**EXERCISE PROMPT**
Write the lines below out exactly, dropping each picture.

**DATA EXCERPT**
Content starts
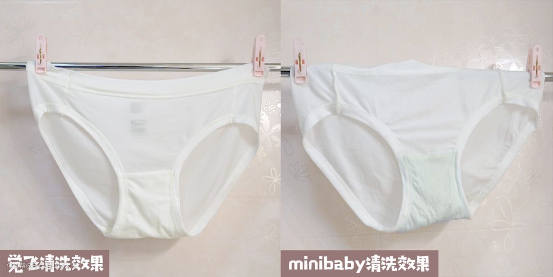 两条白色内裤都被楼主撒上了蓝色墨水,并且风干了10分钟,然后放进觉飞和minibaby洗衣机中清洗。
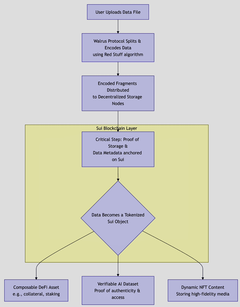 Um zu visualisieren, wie Walrus die Architektur von Sui nutzt, betrachten Sie den folgenden technischen Workflow, der rohe Daten in ein sicheres, komponierbares on-chain-Asset verwandelt:
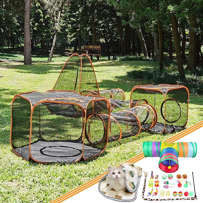Kimruule Outdoor Cat Enclosures, 6-in-1 Cat Tent Outside with Cat Tunnels for Indoor Cats, Large Cat Playpen Outdoor with Cat Toys for Cats Rabbits Ferrets Dogs and Small Animals
Content ends
**PROBLEM SOLUTION**
 两条白色内裤都被楼主撒上了蓝色墨水,并且风干了10分钟,然后放进觉飞和minibaby洗衣机中清洗。
 Um zu visualisieren, wie Walrus die Architektur von Sui nutzt, betrachten Sie den folgenden technischen Workflow, der rohe Daten in ein sicheres, komponierbares on-chain-Asset verwandelt:
Kimruule Outdoor Cat Enclosures, 6-in-1 Cat Tent Outside with Cat Tunnels for Indoor Cats, Large Cat Playpen Outdoor with Cat Toys for Cats Rabbits Ferrets Dogs and Small Animals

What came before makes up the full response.